■ EXERCISE DATA:
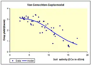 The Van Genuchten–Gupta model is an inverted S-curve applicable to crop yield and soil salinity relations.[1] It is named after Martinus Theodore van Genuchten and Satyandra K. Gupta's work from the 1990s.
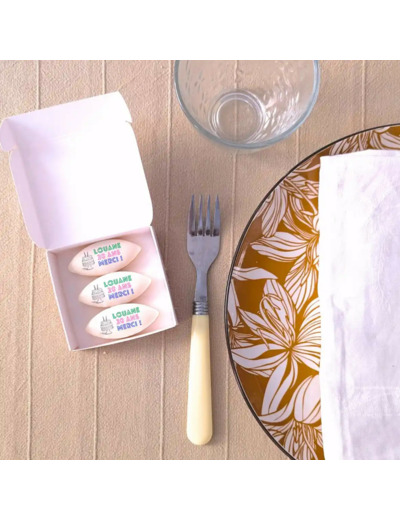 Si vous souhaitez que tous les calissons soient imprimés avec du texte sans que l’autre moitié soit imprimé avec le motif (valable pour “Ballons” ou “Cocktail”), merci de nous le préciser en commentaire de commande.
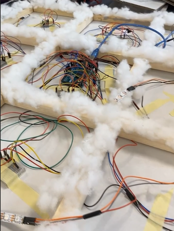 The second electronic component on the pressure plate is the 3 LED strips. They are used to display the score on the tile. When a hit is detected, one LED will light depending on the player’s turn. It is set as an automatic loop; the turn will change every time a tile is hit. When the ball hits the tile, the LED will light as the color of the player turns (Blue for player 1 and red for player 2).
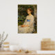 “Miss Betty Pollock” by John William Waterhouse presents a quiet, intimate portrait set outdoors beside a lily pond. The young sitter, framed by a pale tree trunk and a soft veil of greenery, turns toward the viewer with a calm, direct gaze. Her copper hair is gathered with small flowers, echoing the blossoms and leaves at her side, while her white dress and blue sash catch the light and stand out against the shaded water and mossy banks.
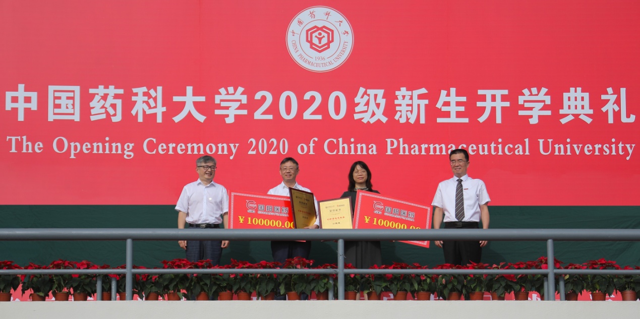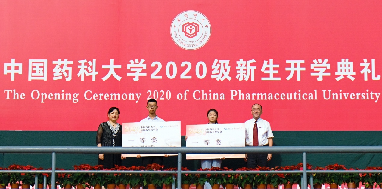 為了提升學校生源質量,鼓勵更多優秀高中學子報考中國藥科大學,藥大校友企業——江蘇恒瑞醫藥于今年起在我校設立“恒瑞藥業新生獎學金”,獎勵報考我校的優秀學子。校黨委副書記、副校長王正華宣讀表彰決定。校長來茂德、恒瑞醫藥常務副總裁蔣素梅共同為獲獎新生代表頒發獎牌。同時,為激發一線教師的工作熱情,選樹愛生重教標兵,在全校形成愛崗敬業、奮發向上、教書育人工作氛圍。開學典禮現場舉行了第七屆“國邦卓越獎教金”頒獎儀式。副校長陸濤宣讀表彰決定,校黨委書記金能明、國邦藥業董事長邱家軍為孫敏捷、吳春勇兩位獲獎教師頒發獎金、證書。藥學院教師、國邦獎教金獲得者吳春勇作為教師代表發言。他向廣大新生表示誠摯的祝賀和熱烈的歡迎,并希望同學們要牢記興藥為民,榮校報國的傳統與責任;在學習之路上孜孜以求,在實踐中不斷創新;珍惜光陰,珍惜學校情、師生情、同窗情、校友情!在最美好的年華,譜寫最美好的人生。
==
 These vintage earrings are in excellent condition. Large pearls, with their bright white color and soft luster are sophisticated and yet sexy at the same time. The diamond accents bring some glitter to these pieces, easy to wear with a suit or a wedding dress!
* * *
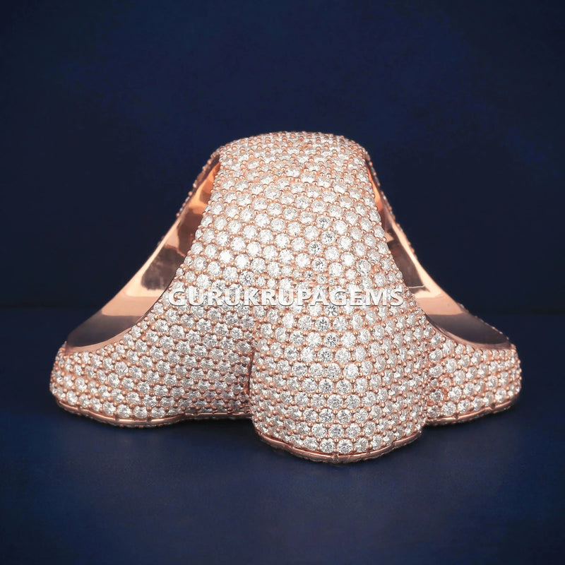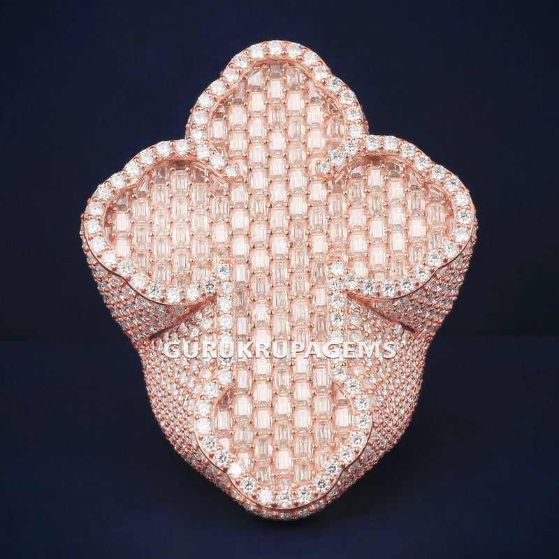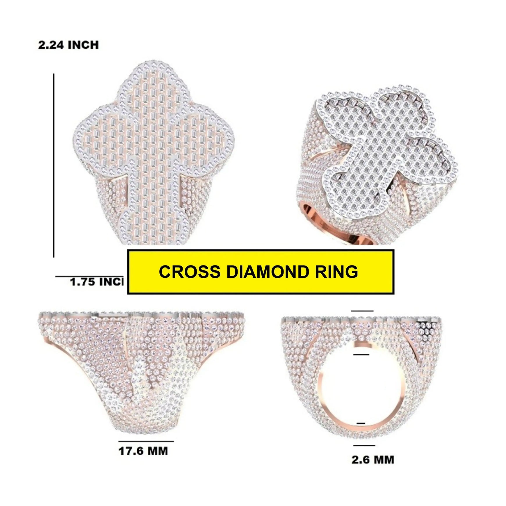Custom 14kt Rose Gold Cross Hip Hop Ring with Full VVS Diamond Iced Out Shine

■ WHAT YOU SHOULD DO: Would you give again, exactly, the lines in the data above that run from the line containing "The second electronic" to the line containing "為了提升學校生源質量,鼓勵更"? Include both ends and no pictures.

■ TASK OUTPUT:
 The second electronic component on the pressure plate is the 3 LED strips. They are used to display the score on the tile. When a hit is detected, one LED will light depending on the player’s turn. It is set as an automatic loop; the turn will change every time a tile is hit. When the ball hits the tile, the LED will light as the color of the player turns (Blue for player 1 and red for player 2).
 “Miss Betty Pollock” by John William Waterhouse presents a quiet, intimate portrait set outdoors beside a lily pond. The young sitter, framed by a pale tree trunk and a soft veil of greenery, turns toward the viewer with a calm, direct gaze. Her copper hair is gathered with small flowers, echoing the blossoms and leaves at her side, while her white dress and blue sash catch the light and stand out against the shaded water and mossy banks.
 為了提升學校生源質量,鼓勵更多優秀高中學子報考中國藥科大學,藥大校友企業——江蘇恒瑞醫藥于今年起在我校設立“恒瑞藥業新生獎學金”,獎勵報考我校的優秀學子。校黨委副書記、副校長王正華宣讀表彰決定。校長來茂德、恒瑞醫藥常務副總裁蔣素梅共同為獲獎新生代表頒發獎牌。同時,為激發一線教師的工作熱情,選樹愛生重教標兵,在全校形成愛崗敬業、奮發向上、教書育人工作氛圍。開學典禮現場舉行了第七屆“國邦卓越獎教金”頒獎儀式。副校長陸濤宣讀表彰決定,校黨委書記金能明、國邦藥業董事長邱家軍為孫敏捷、吳春勇兩位獲獎教師頒發獎金、證書。藥學院教師、國邦獎教金獲得者吳春勇作為教師代表發言。他向廣大新生表示誠摯的祝賀和熱烈的歡迎,并希望同學們要牢記興藥為民,榮校報國的傳統與責任;在學習之路上孜孜以求,在實踐中不斷創新;珍惜光陰,珍惜學校情、師生情、同窗情、校友情!在最美好的年華,譜寫最美好的人生。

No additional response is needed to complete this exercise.